# Guns and Knives?



## SFC JeffJ (Mar 31, 2006)

Many people, both on MT and lots of other places, state that more knives and guns are pulled in violent situations today than in the past.  Is there any emperical evidence of this?  If you know of some, please share.  I'd be really interested to see any studies on this.

Jeff


----------



## MJS (Mar 31, 2006)

JeffJ said:
			
		

> Many people, both on MT and lots of other places, state that more knives and guns are pulled in violent situations today than in the past. Is there any emperical evidence of this? If you know of some, please share. I'd be really interested to see any studies on this.
> 
> Jeff


 
http://www.courant.com/news/local/hc-nhshot0327.artmar27,1,2160512.story?coll=hc-headlines-local-7day&ctrack=1&cset=true


http://www.middletownpress.com/site/news.cfm?newsid=16400595&BRD=1645&PAG=461&dept_id=10856&rfi=6


http://www.middletownpress.com/site/news.cfm?newsid=16409472&BRD=1645&PAG=461&dept_id=10856&rfi=6

http://www.courant.com/news/local/hc-hfdshootings0331.artmar31,0,823493.story?coll=hc-headlines-local


I think that these articles speak for themselves.  When you start mixing gangs and drugs, it should not be a surprise that guns and knives will also be present.

Mike


----------



## MJS (Mar 31, 2006)

Heres a few more:

http://www.courant.com/news/local/nb/hc-ctnebmurder0329.artmar29,0,3197753.story

http://www.courant.com/news/local/fc/hc-31154246.apds.m0133.bc-ct--drugmar31,0,2876624.story


----------



## SFC JeffJ (Mar 31, 2006)

MJSI think that these articles speak for themselves.  When you start mixing gangs and drugs said:
			
		

> I wholeheartedly agree with that statement.  However, a collection of newstorys, no matter how tragic and violent, does nothing to answer my question.  Is what I'm wondering if there have been any studies as to whether or not weapons are used in more crimes today than in the past.  Anecdotes do nothing to prove that one way or the other.  Would the FBI have statistics on that?  If so, would non-LEO be able to access them?
> 
> Jeff


----------



## bushidomartialarts (Mar 31, 2006)

www.fbi.gov/ucr/ucrquest.htm

you should be able to track it from there.  let us know what you find out.


----------



## still learning (Apr 1, 2006)

Hello, There are lots of information on this subject about the use of guns and knives increasing in the use of crimes.
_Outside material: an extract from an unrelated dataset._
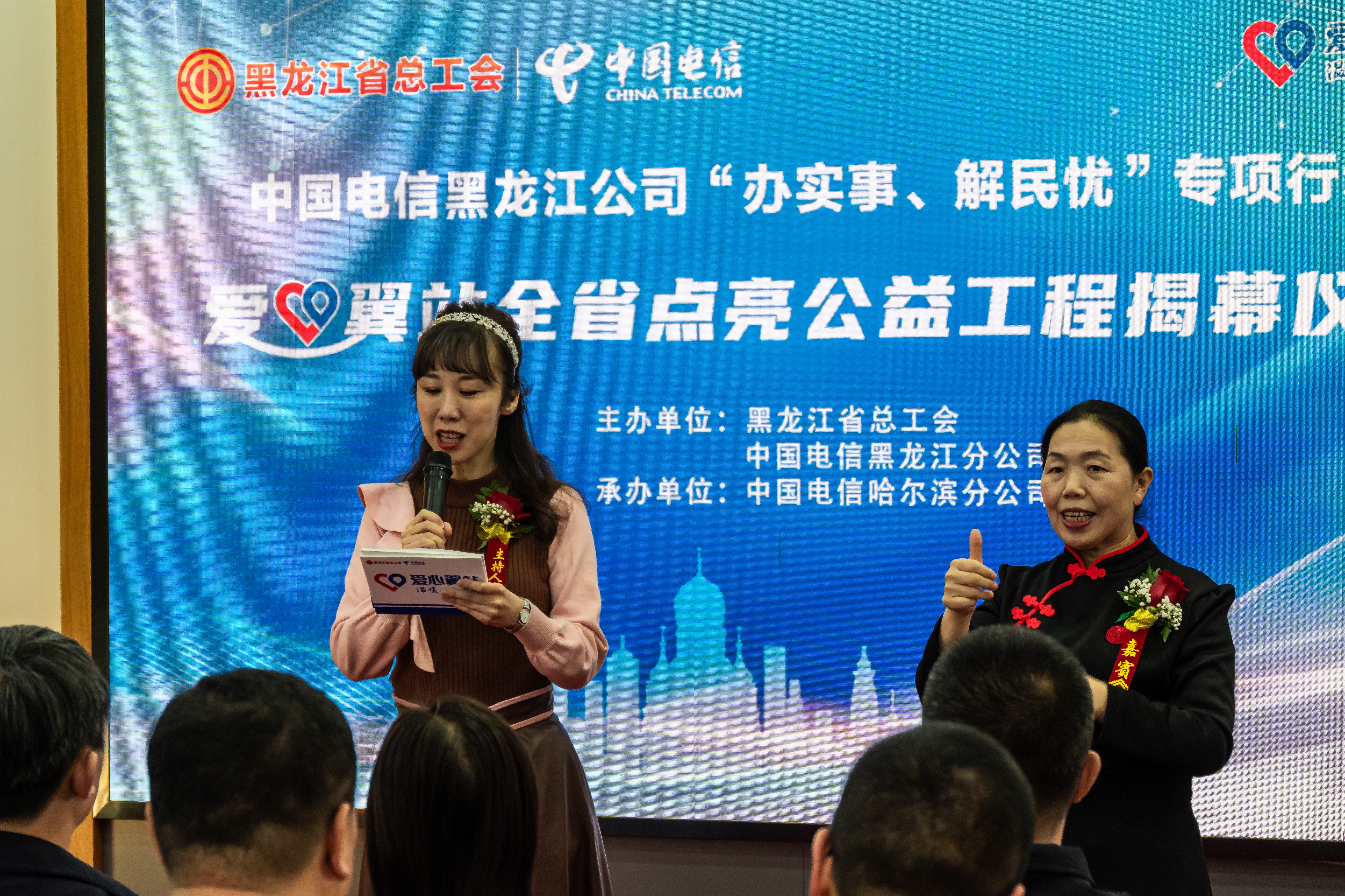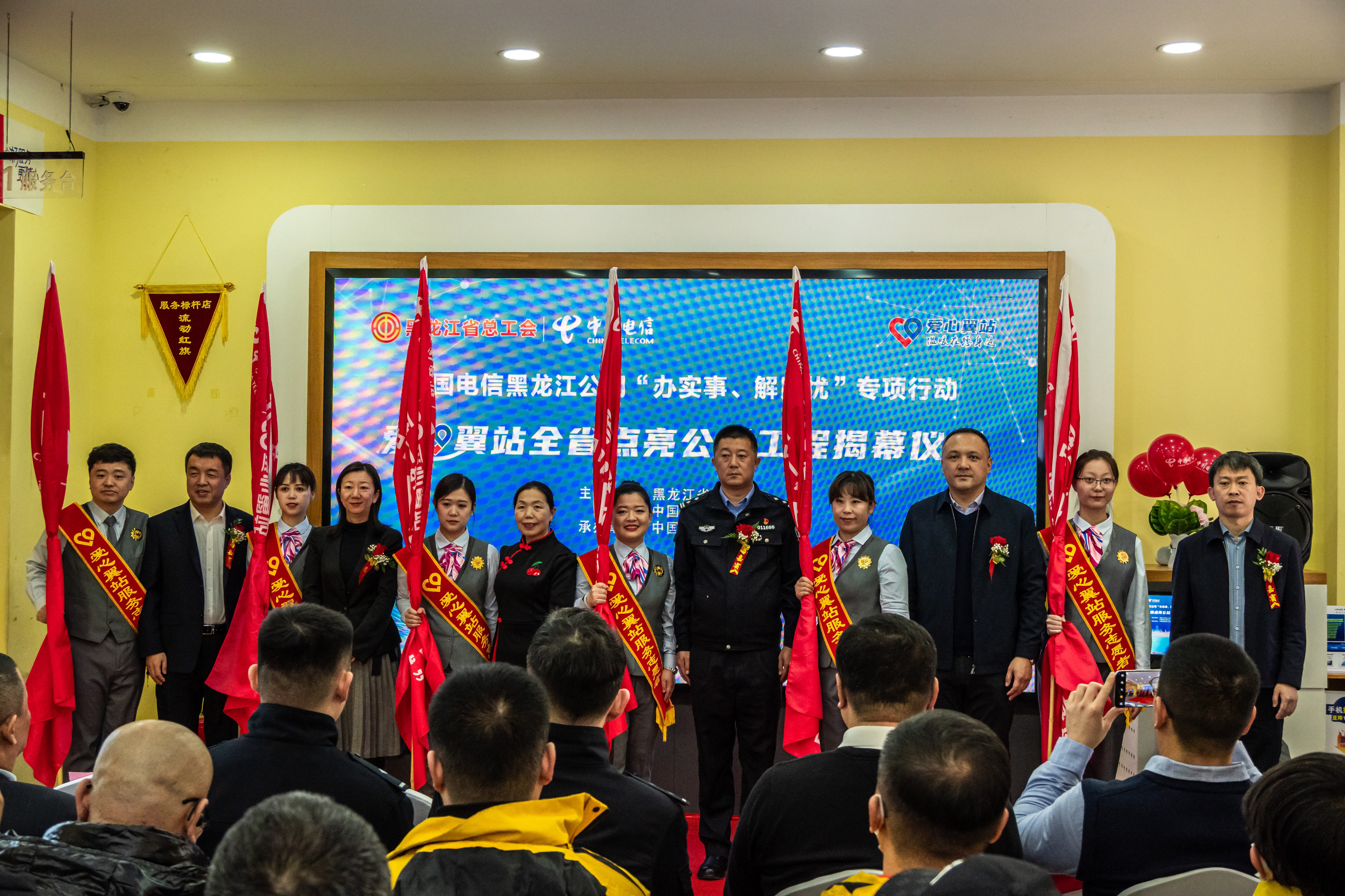 12月7日,中国电信黑龙江公司联合黑龙江省总工会举行的“爱心翼站”全省点亮公益工程揭幕仪式圆满成功。活动上黑龙江省总工会、省委宣传部志愿服务发展中心、哈尔滨市公安局、哈尔滨市南岗区聋人协会等多家单位联合为中国电信黑龙江公司的“爱心翼站”公益升级进行授牌,并对优秀站点进行授旗。同时,宣布中国电信黑龙江公司全1200家“爱心翼站”全面点亮升级公益服务。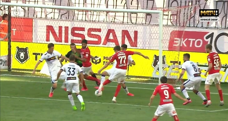 89-я минута. «Спартак» разыграл угловой, Зобнин сильно прострелил в штрафную, и мяч прилетел к Соболеву. Одним касанием он ловко обработал, а вторым прошил Беленова с трех метров. Александр помчался радоваться, но все затормозил арбитр Владислав Безбородов, который с помощью ВАР отменил гол. Но дело не в Соболеве.

If you still not sure?  ....we recommend you walk to any bad place in any city?   .....nothing like first hand knowledge?  

If you were a criminal?  and needed money or love?  ....would'nt you rather use a weapon of some kind?  Most bank robbers usually say the have some kind of gun/bomb on them? ..makes it more effective?

It is like going to war?  ....it is better with a gun or knife....than attacking with your bare hands.......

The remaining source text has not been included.